With the traditional 'khatiya' or 'stretcher ambulance' (a wooden
plank strung between two ropes) seen as outdated and only suitable
for short distances, lack of transport in many villages in Terai
is consistently identified as a major barrier to accessing emergency
health services.
In Nawalparasi, community members discussed this issue and came
up with the idea of using bicycle ambulances. Community members
and project staff visited a local engineering works to see a
model which cost about GB £100, developed with the help
of Intermediate Technology Development Group (ITDG).

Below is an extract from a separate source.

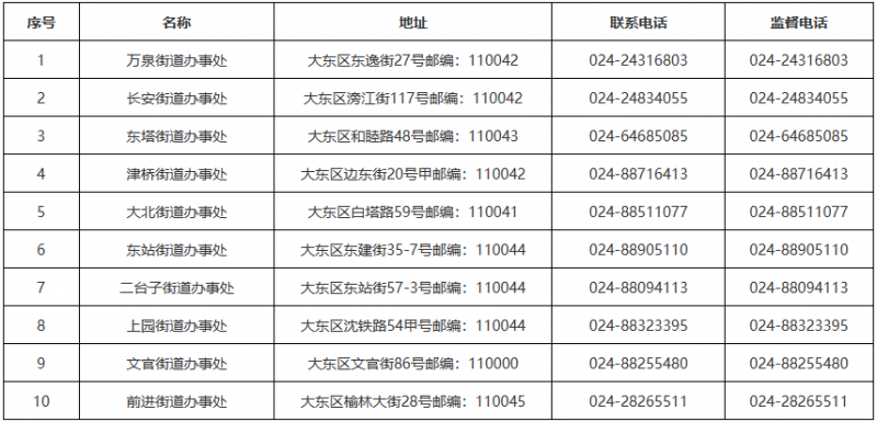 沈阳市大东区辖区各街道办事处联系电话及单位地址大全表: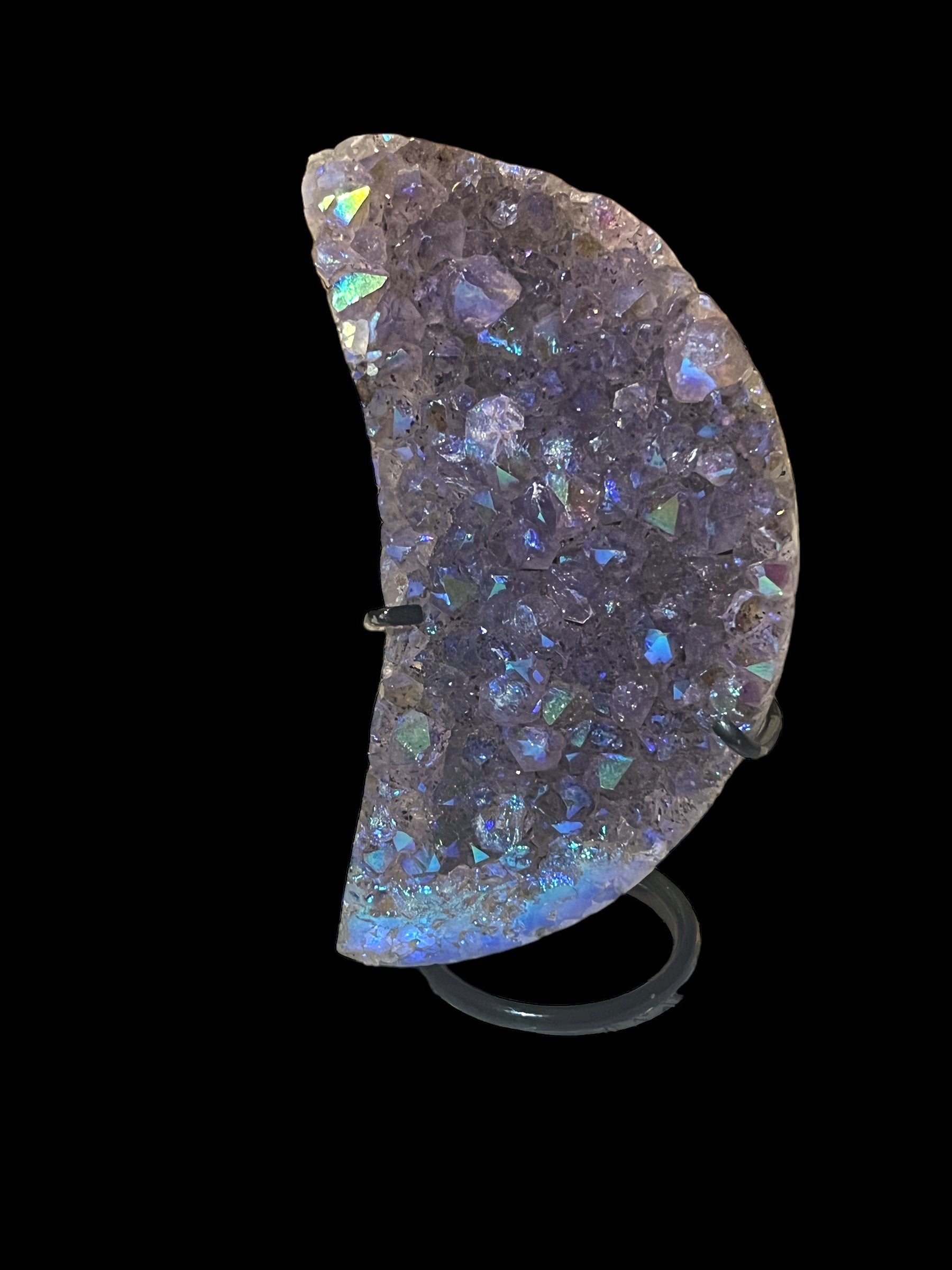 Celebrate each phase of your life with this crescent phase of the moon. Amethyst is thought to bring about peace in your life, and the titanium aura help bring a little sparkle in the occasional darkness of night.

After this, 22 bicycles were bought with funds from the District
Development Committee, District Health Office, Nepal Safer Motherhood
Project (NSMP) and two NGOs. These bicycle ambulances are now
used for emergency obstetric care (EmOC) and other health conditions
and are managed by community groups. Rules and regulations for
their use and maintenance have been developed, with 5-10 rupees
(about GB 7 pence!) charged for each trip and the money used
for maintenance purposes.
In a survey, the women and men who drive the ambulances said
that there were many benefits to them. These include that they
are:
- Easy and faster than rickshaws or khatiya.
- Comfortable - as they are designed for use on rough roads.
- Cheaper - as the service charges are very low.
- Suitable for use during Bandhs (transport strikes) - which
are common.
- Easy to repair and maintain.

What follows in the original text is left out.